Once you find the line with "Neste rico contexto" in the listing below, set down exactly every line from it through the line with "Цял бански с", but no pictures.

== Data for analysis ==
[Start of section]
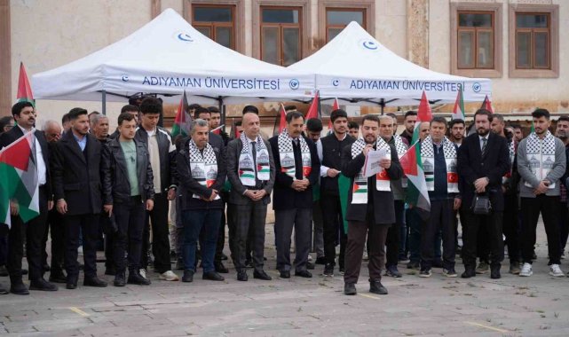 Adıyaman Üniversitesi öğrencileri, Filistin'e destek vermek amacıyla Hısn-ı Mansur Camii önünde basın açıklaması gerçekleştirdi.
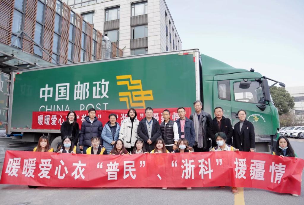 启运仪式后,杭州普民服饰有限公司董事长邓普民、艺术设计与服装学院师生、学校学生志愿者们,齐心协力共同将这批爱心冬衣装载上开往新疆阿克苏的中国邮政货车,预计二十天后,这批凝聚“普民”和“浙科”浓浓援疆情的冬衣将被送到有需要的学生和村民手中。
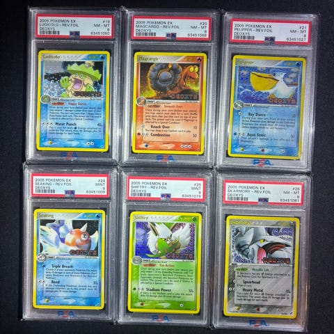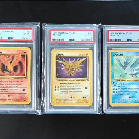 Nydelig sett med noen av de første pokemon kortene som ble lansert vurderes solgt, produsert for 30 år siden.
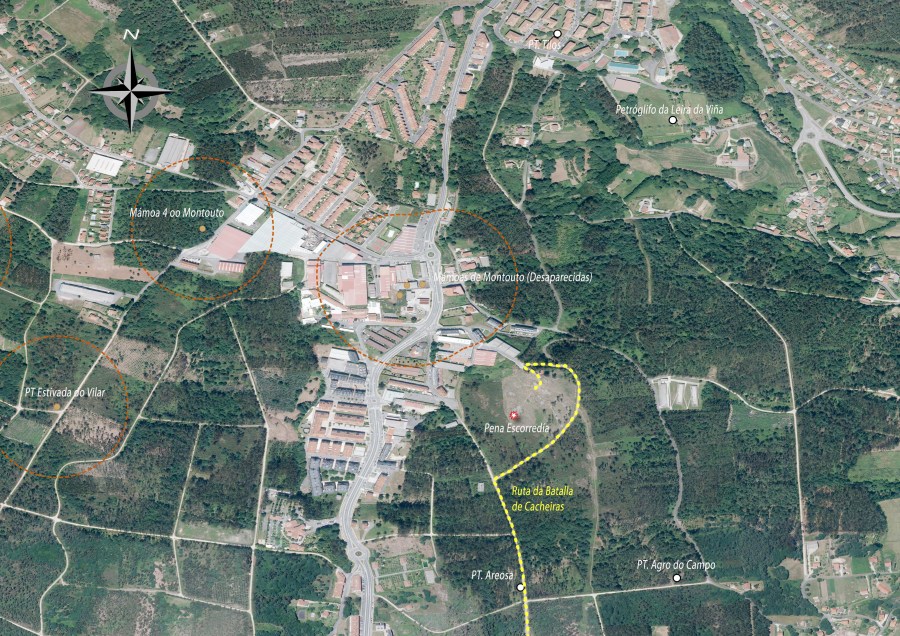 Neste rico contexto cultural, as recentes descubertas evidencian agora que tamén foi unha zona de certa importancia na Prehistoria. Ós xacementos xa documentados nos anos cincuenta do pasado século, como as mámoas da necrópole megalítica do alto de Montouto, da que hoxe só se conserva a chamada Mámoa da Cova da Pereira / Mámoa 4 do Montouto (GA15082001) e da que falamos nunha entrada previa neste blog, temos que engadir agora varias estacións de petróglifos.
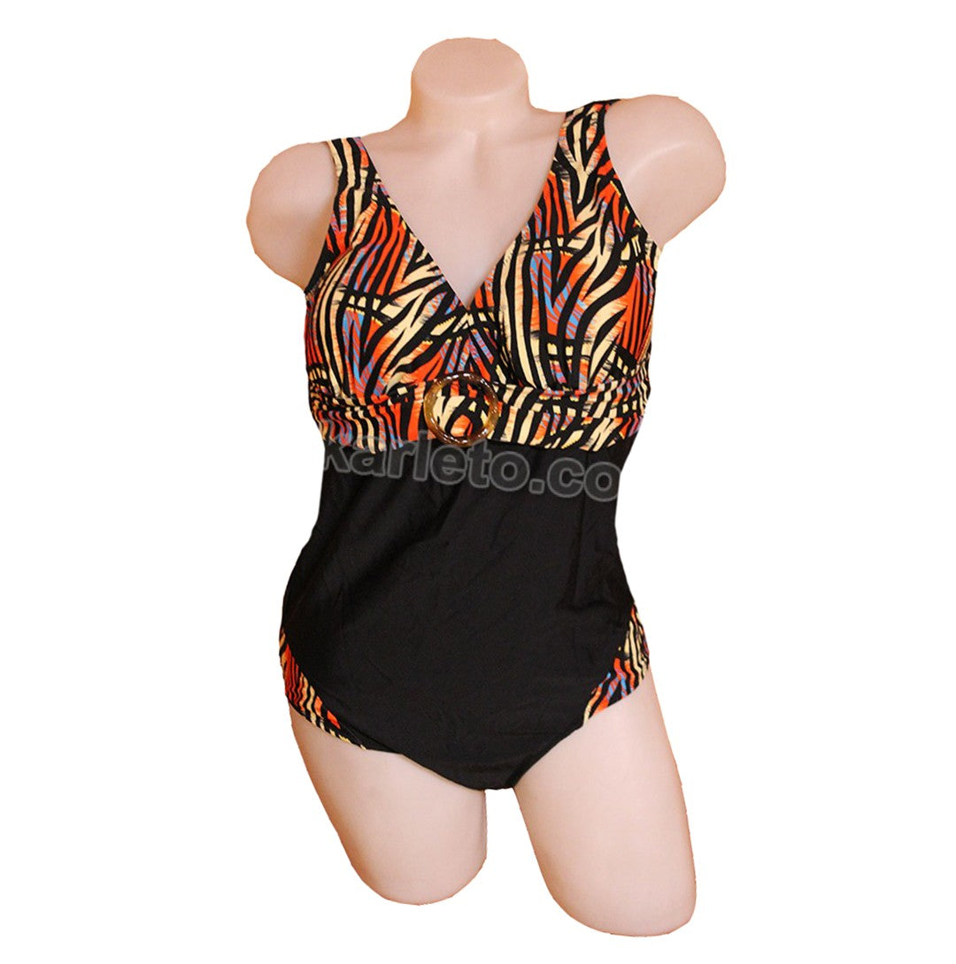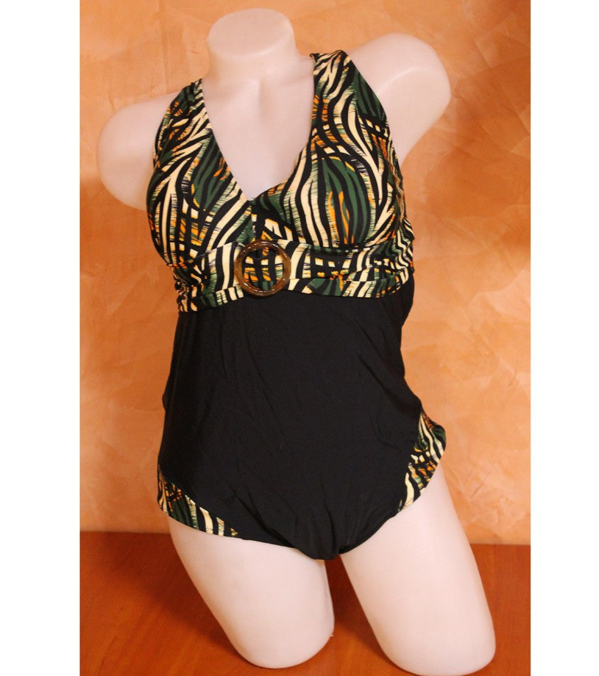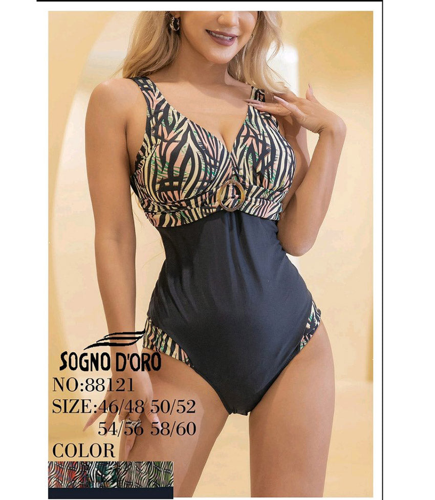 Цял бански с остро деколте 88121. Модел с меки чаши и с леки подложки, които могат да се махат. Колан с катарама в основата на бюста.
[End of section]
[Start of section]
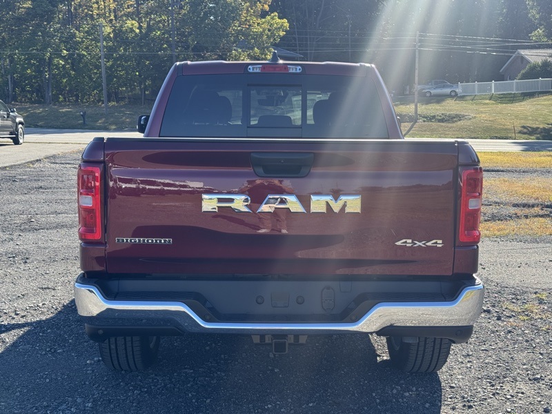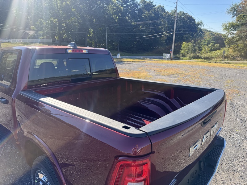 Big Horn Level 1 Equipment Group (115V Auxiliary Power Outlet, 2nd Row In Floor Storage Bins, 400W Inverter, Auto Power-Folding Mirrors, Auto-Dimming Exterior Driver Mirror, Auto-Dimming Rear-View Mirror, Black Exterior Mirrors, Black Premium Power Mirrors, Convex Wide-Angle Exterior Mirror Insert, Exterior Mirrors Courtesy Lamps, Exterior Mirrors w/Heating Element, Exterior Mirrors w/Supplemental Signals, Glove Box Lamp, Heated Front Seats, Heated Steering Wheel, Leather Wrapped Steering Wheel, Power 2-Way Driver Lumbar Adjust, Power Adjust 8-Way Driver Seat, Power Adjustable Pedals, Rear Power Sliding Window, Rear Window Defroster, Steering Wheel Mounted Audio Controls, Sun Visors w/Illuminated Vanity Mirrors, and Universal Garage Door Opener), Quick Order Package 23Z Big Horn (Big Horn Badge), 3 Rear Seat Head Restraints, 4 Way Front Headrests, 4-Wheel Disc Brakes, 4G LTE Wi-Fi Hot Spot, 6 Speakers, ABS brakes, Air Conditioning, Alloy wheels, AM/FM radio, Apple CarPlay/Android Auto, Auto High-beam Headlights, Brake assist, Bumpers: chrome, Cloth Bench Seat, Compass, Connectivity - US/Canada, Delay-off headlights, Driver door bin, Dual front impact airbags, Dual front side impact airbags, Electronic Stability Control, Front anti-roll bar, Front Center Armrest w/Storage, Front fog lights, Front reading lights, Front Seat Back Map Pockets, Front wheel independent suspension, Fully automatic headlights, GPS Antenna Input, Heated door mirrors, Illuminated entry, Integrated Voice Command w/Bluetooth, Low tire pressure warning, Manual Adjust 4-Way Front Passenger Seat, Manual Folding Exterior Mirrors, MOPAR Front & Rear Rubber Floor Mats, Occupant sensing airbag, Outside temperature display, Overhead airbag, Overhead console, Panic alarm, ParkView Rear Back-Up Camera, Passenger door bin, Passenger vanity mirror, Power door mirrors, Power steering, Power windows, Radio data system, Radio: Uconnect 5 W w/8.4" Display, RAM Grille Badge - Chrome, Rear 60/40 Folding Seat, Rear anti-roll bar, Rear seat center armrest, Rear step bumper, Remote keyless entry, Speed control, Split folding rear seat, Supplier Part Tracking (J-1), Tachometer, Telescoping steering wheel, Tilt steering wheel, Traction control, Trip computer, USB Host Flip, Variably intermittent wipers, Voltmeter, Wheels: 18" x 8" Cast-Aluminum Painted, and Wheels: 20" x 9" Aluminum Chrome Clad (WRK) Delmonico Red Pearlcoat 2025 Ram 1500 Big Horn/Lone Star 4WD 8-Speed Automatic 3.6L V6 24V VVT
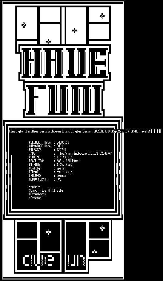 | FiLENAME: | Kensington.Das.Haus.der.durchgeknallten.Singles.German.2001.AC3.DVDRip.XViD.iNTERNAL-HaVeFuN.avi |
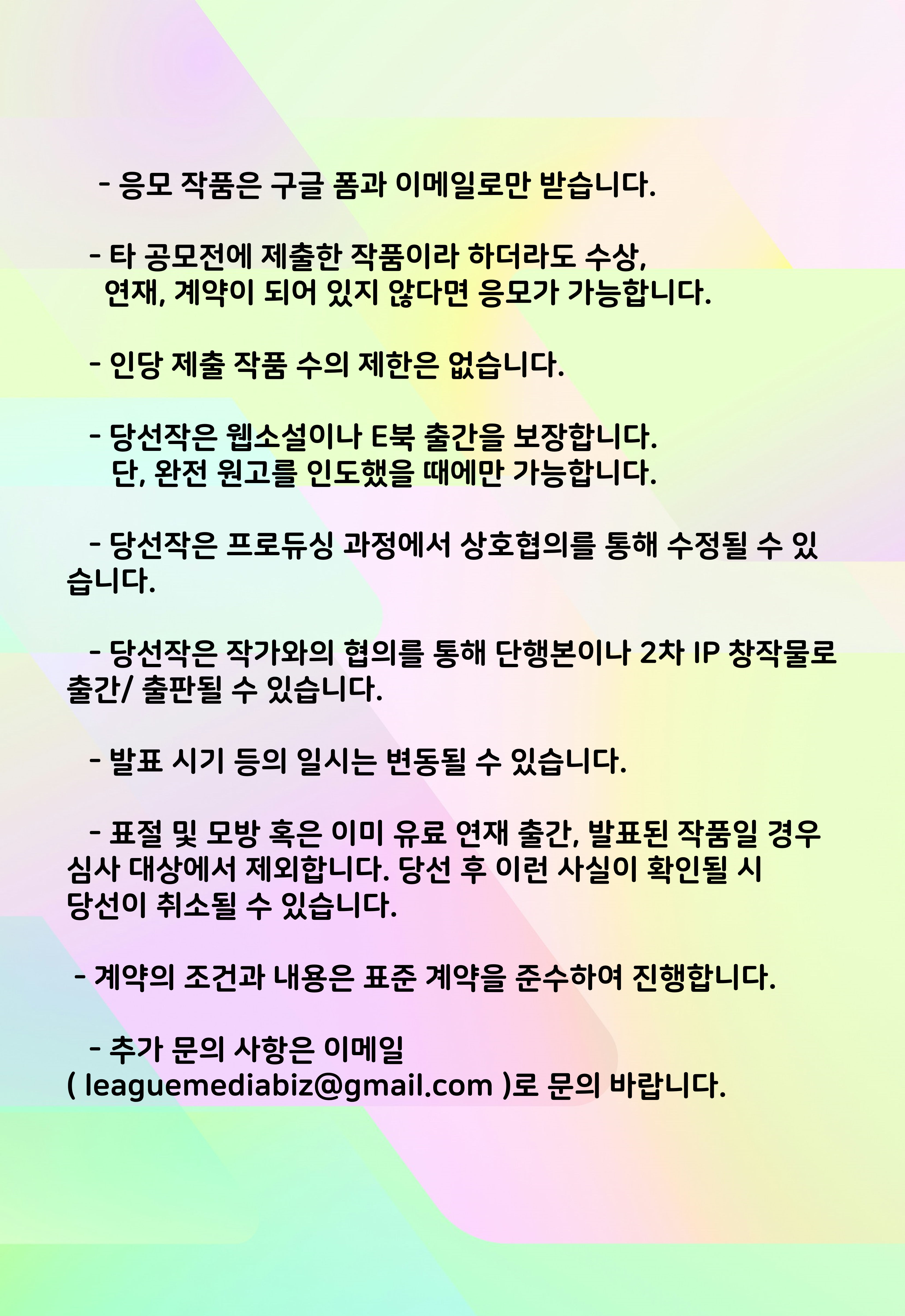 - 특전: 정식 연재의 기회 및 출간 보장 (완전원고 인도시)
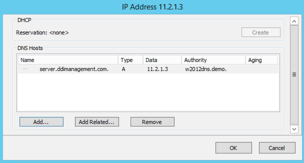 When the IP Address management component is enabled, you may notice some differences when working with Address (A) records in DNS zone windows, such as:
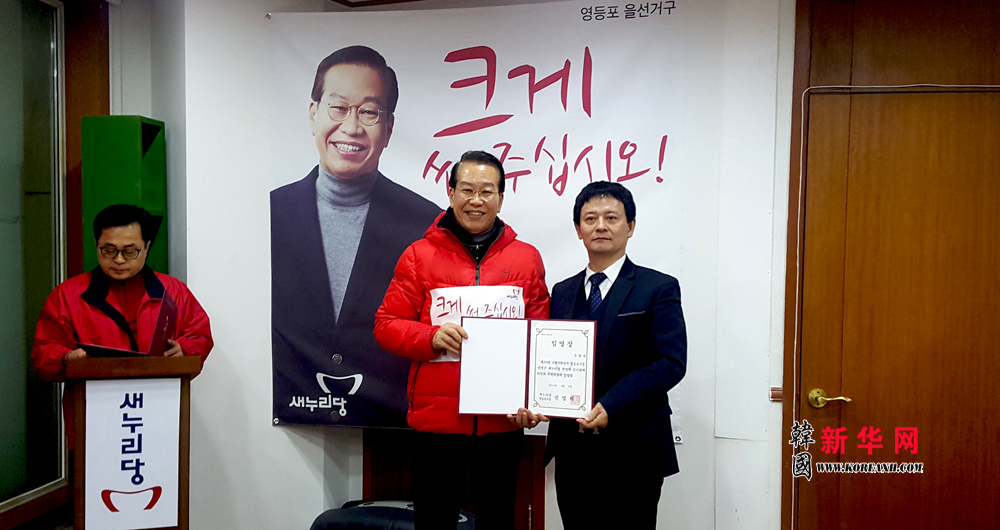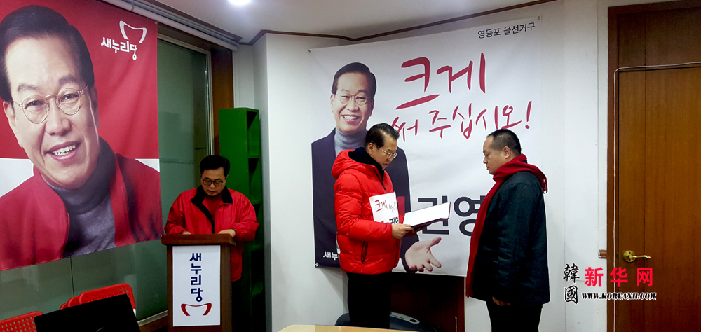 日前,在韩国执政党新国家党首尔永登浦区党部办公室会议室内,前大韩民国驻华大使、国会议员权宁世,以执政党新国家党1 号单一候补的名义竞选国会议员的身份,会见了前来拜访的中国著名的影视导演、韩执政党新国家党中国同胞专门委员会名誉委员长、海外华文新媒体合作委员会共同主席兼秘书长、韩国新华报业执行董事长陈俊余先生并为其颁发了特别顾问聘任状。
[End of section]
[Start of section]
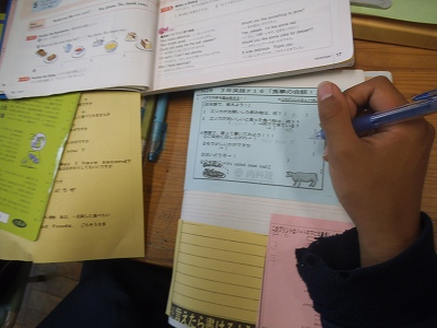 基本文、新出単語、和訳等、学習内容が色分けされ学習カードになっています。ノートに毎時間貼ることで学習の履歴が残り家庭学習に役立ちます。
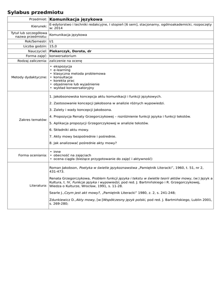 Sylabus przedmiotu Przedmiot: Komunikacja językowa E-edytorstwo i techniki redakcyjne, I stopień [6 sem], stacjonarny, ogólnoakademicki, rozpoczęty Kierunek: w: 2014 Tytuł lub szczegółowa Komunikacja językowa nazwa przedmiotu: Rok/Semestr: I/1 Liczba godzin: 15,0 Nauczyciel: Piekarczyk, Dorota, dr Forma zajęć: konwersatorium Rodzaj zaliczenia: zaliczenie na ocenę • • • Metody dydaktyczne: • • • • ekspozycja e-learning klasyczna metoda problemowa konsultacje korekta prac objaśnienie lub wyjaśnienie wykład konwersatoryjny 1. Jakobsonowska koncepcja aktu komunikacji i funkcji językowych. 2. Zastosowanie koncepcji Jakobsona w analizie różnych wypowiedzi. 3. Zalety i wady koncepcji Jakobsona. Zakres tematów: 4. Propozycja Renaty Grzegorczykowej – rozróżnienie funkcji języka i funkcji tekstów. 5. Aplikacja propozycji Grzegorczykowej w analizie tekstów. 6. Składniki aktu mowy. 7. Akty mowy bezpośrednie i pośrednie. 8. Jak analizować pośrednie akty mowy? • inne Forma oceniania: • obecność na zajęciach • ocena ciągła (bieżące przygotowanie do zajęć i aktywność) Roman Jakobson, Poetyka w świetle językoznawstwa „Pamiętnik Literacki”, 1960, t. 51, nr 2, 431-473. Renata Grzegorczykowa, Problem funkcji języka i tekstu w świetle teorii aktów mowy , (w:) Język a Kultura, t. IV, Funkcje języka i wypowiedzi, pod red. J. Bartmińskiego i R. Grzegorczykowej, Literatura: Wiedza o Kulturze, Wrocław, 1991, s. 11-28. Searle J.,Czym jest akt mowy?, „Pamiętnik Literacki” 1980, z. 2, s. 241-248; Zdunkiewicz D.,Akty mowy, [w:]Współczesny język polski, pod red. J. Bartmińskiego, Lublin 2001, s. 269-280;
[End of section]
== Task answer ==
 Neste rico contexto cultural, as recentes descubertas evidencian agora que tamén foi unha zona de certa importancia na Prehistoria. Ós xacementos xa documentados nos anos cincuenta do pasado século, como as mámoas da necrópole megalítica do alto de Montouto, da que hoxe só se conserva a chamada Mámoa da Cova da Pereira / Mámoa 4 do Montouto (GA15082001) e da que falamos nunha entrada previa neste blog, temos que engadir agora varias estacións de petróglifos.
 Цял бански с остро деколте 88121. Модел с меки чаши и с леки подложки, които могат да се махат. Колан с катарама в основата на бюста.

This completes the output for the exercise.